Neurogliaform cells mimic the action of external insulin via insulin receptors. A, The frequency of spontaneous EPSCs arriving to neocortical neurons was decreased in response to physiological concentrations of insulin (100 nm), and the specific insulin receptor antagonist S961 (20 nm) reversed the effect. B, Mimicking the effect of insulin shown in A, local application of hyperglycemic extracellular solution containing 10 mm glucose (gluc) to neurogliaform cells (NGFCs) identified electrophysiologically and anatomically decreased the frequency of spontaneous EPSCs arriving to neighboring neurons recorded in hypoglycemic (0.5 mm) conditions and S961 (20 nm) also reversed the effect. Top, Individual experiment. Bottom, Population data. C, The effect of hyperglycemic puffs to neurogliaform cells on spontaneous EPSCs in neighboring pyramidal cells was blocked by lavendustin (5 μm) intracellularly applied in the pyramidal cells. D, Insulin suppresses the amplitude of unitary EPSCs between layer 2/3 pyramidal cells while leaving the paired pulse ratio unchanged.

Figure 3.

K_ATP channels and intracellular Ca²⁺ contribute to insulin receptor-mediated action of neurogliaform cells. A, Current–voltage (I–V) relationship of the glibenclamide-sensitive component of currents recorded in a late spiking (inset) neurogliaform cell in response to ramping membrane potential from −145 to −65 mV with and without glibenclamide (20 μm). B, A neurogliaform cell identified by its firing pattern (top) responds to bath-applied glibenclamide (20 μm) with an increase of the intracellular Ca²⁺ concentration detected by changes in OGB-1 fluorescence (right) in one of the dendrites (bottom, red border indicates imaged area).
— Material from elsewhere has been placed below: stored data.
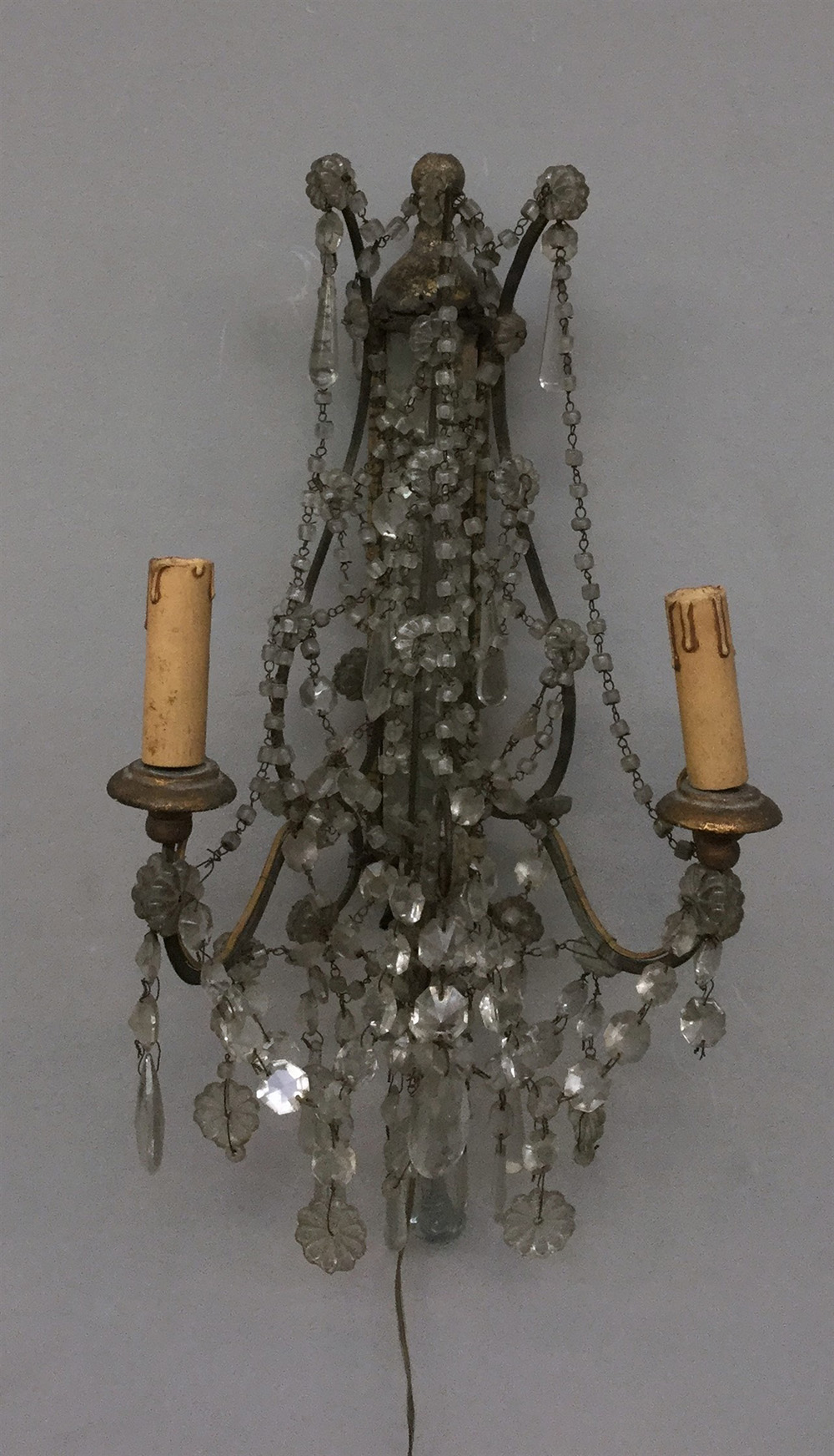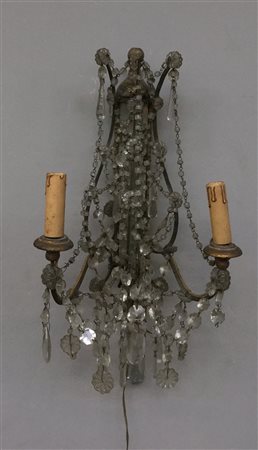 Antica applique a due fiamme in ferro battuto, sostegno in legno dorato con specchio, decorato con perline e pendagli in vetro; montato posteriormente a luce elettrica (h cm 42) (difetti)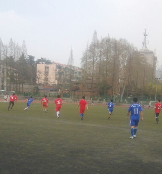 2015 年3 月30 日,韩漫 春季足球联赛小组赛第2场比赛在校本部体育场如期举行。 下午2点,韩漫 和地球与科学学院之间展开角逐。随着哨声响起,比赛正式开始,双方队员迅速进入状态。球场上身穿蓝色球衣的地科院男足队员们面对一上来就攻势凌厉的韩漫 男足毫不示弱,细腻的脚法与巧妙的配合,让看台上的同学们的呐喊声越来越高,但是韩漫 男足同样表现出了不俗的实力,比赛一时陷入了胶着状态。比赛进行至第30 分钟,地球与科学学院院队员凭借出色的防守、迅猛的攻势踢进本场比赛的第一球,韩漫 暂时落后。面对落后的局面, 韩漫 男足球员们并未受其影响,而是稳扎稳打,以默契的配合和缜密的队形部署很快对对方球门发起了一次次极具威胁性的进攻。比赛被推向了高潮,双方队员精湛的脚法、完美的盘带、犀利的射门以及精彩的配合博得场下观众的阵阵掌声。最终,地球与科学学院凭借娴熟的技术以4:0的佳绩赢得本场比赛。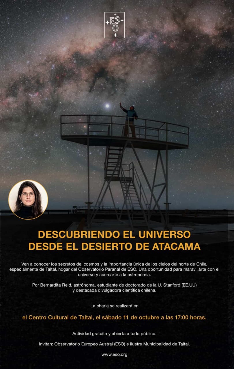TALTAL — jueves, 09 de octubre de 2025. Este sábado 11 de octubre, a las 17:00 horas, el Centro Cultural de Taltal será escenario de una imperdible charla astronómica gratuita organizada por ESO Paranal en conjunto con la Ilustre Municipalidad de Taltal. La actividad contará con la participación de la astrónoma chilena Bernardita Reid, quien invitará a la comunidad a descubrir la importancia científica y natural de los cielos del norte de Chile.

C, Whole-cell recordings performed in hypoglycemia (0.5 mm) show that glibenclamide (20 μm) delivered to neurogliaform cells (NGFC) significantly decreased the frequency of EPSCs in simultaneously monitored neighboring neurons, and this effect was blocked by the insulin receptor blocker S961 applied extracellularly and also by intracellular application of BAPTA (B) in the neurogliaform cell. In contrast, glibenclamide applied to pyramidal cells (PC) and fast spiking cells (FSC) caused no significant changes in the frequency of EPSCs in neighboring neurons. D, Time course of sEPSC amplitude (top) and frequency (bottom) changes in a representative experiment as shown in C (top left). E, Radioimmunoassay measurements in homogenates of neocortical slices showed significantly increased insulin levels relative to hypoglycemia during glibenclamide (glib) application and normoglycemia or hyperglycemia.